I’ve pulled a few examples to help illustrate the point I am trying to make. The first two clips show chances from Boston’s “Perfection Line” that were significantly more dangerous than the data suggests:
When you watch those clips, you can see that those chances have an extraordinarily high chance of going in the back of the net. But because public xG models can’t account for the movement of the goaltender, they went down with a combined expected goals rating of 0.25.
Here is another example of a play which goes inaccurately depicted in xG data, as Shea Theodore makes a spectacular shot fake before sliding it to Alec Martinez, with Carey Price having zero chance to get over after having to respect Theodore’s shot.
The xG value of the goal goes as just 8% (0.08), because on an average of all attempts goals are converted at that rate from that location.
Admittedly, these are extreme examples illustrating more of a vast difference compared to what we would generally expect in these situations. But the point is that if teams are creating more high-end passing sequences or allowing complete breakdowns defensively on a consistent basis, it will not always be reflected in expected goal differential scores.
The margins in the NHL are so thin that we often talk about a team being significantly stronger than most of the league if they own even a 53% expected goals rate, or quite poor if they hold a 47% xGF mark. Thus, a team that creates or allows a larger number of these types of data-curving plays could actually be misrepresented by the available data that bettors tend to use.
Most folks would consider a gap of one expected goal over an entire game to be a considerable edge, but clearly that difference can be more than made up with 2-3 plays which do not accurately pop in these models. These concepts regarding controlling shot quality have really shown through in a number of series so far in this playoffs, and I believe have been a big part of why the Islanders and Canadiens were able to put together impressive runs, and more importantly, have treated bettors so well.

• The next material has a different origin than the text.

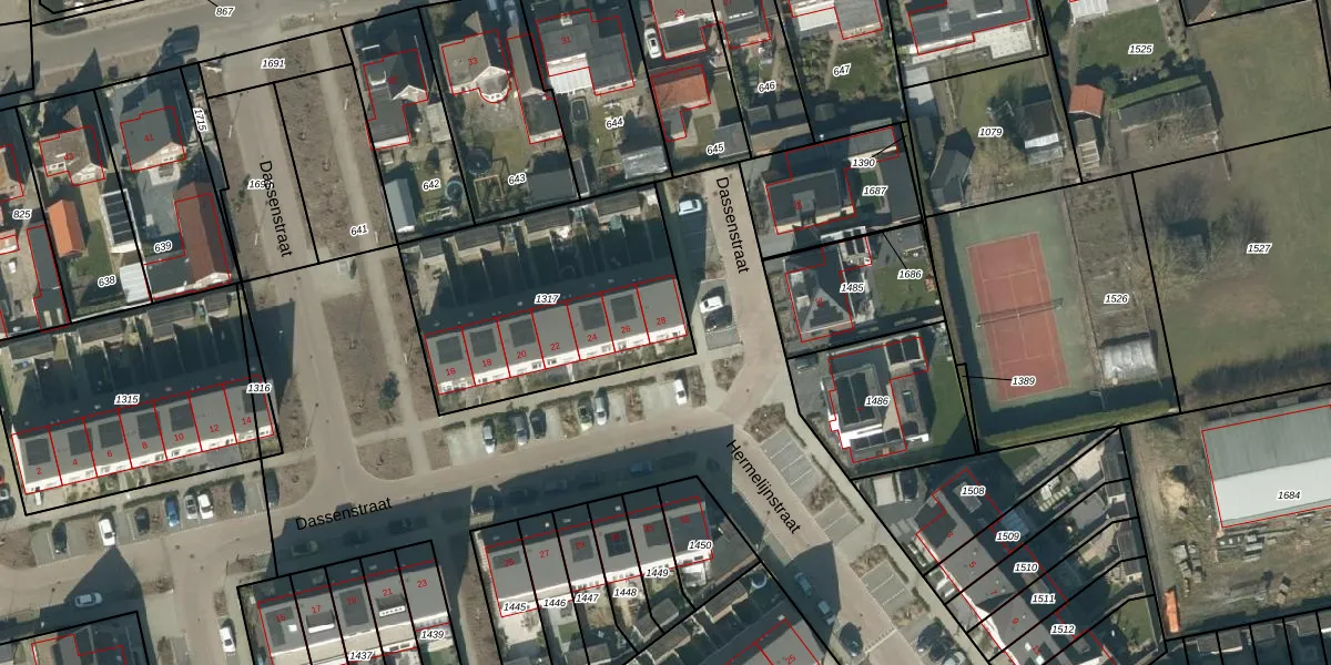 Dassenstraat 28 is gelegen op kadastraal perceel RPN00P1317. Deze kadastrale aanduiding is uniek en wordt gebruikt door het Kadaster om eigendomsrechten en andere zakelijke rechten vast te leggen. Het perceel maakt onderdeel uit van de kadastrale gemeente Rucphen.

My point here is certainly not to entirely critique these expected goals models, of which I am a consistent user, but to offer insight into some additional details to keep an eye out for when watching the games and evaluating team performance from a handicapping standpoint. With regards to expected goals data and it’s effectiveness, MoneyPuck’s model predicted the average team’s Goal Differential Above Expected falls within an average of 12.68 league-wide this season. So while there are some flaws in the data, it is certainly still true that these public models are incredibly useful for bettors.